30:23 – BSV 93 wird Favoritenrolle gerecht
Mit nur acht Spielern ging es für die HSG ins Heimspiel gegen den verlustpunktfreien Tabellenführer, der dagegen 13 Akteure aufbieten konnte. Die Rollen waren klar verteilt und bereits der Start verlief holprig. Nach fünf Minuten lagen die Hausherren mit 1:4 zurück, kämpften sich aber in den Nachmittag und hielten den Rückstand bis zum 11:14 (27.) konstant.
Wie zuletzt gegen den USV Halle folgte kurz vor der Pause eine Schwächephase verbunden mit einem 1:3-Lauf. Bis zur Schlussviertelstunde blieb das Spiel jedoch spannend (21:25/46.). Dann jedoch setzten die Magdeburger zum Schlussspurt an: Lino Geckert, der bereits parallel in Staßfurt Erfahrungen in der 4. Liga sammelt, warf fünf unbeantwortete Treffer in Folge und entschieden damit die Partie. „Defensiv hätten wir das besser lösen müssen“, gab Ramon Göhring aus dem HSG-Trainerteam mit Yves Steinweg zu. Doch aufgeben kam nicht in Frage. In den letzten drei Minuten verkürzten die Gastgeber auf 23:30 und konnten damit zumindest den Endspurt für sich beanspruchen.

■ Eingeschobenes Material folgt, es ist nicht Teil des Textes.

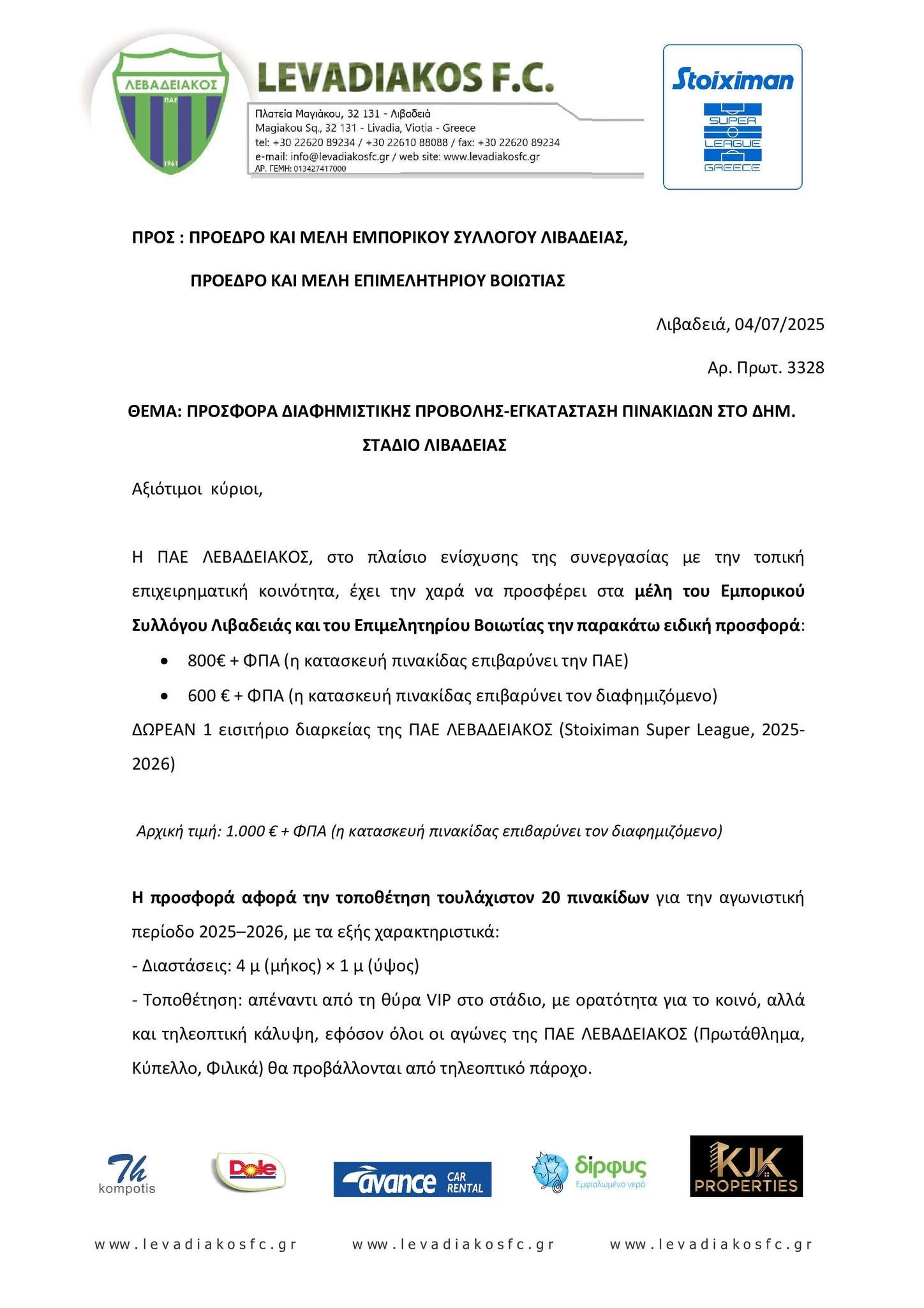 Με ιδιαίτερη χαρά σας ενημερώνουμε ότι, με δική μας πρωτοβουλία και στο πλαίσιο της συνεργασίας με την ΠΑΕ ΛΕΒΑΔΕΙΑΚΟΣ, καταλήξαμε σε ειδική προσφορά διαφημιστικής προβολής για τα μέλη μας, για την αγωνιστική περίοδο 2025-2026.
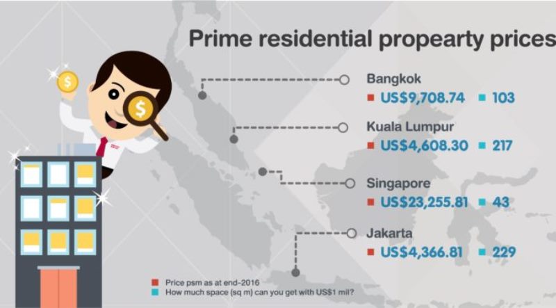 ตามข้อมูลจากบริษัทที่ปรึกษาแสดงให้เห็นว่า ราคาอสังหาฯที่อยู่อาศัยในเมืองกัวลาลัมเปอร์มีราคาอยู่ที่ 4,608.30 ดอลล่าร์สหรัฐต่อตารางเมตร ณ สิ้นปี 2559 ซึ่งสูงกว่าราคาในเมืองจาการ์ตาที่มีราคาอยู่ที่ 4,366.81 ดอลล่าร์สหรัฐต่อตารางเมตร แต่ยังต่ำกว่าราคาในกรุงเทพฯที่มีราคาอยู่ที่ 9,708.74 ดอลล่าร์สหรัฐต่อตารางเมตรและ 23,255.81 ดอลล่าร์สหรัฐต่อตารางเมตรในสิงคโปร์

Mit Blick auf die Tabelle wartet nun eine spannende Phase: Fünf „Endspiele“ um die Platz stehen noch an. Wenn die HSG im Rückspiel gegen Wernigerode am 21. März in eigener Halle nur einen Punkt holt, bleibt Saisonbronze trotz der drei Niederlagen im Kalenderjahr 2026 komplett in eigener Hand. „Aber Spiel für Spiel“, mahnt Göhring, „die Tabellensituation ist verrückt, wir müssen fokussiert bleiben.“
HSG Ehle: Schuster – Steinweg (3), Göhring (7), Kalsdorf (1), Hartmann (2), Gröbe (3), Kliem, Janke (7/1)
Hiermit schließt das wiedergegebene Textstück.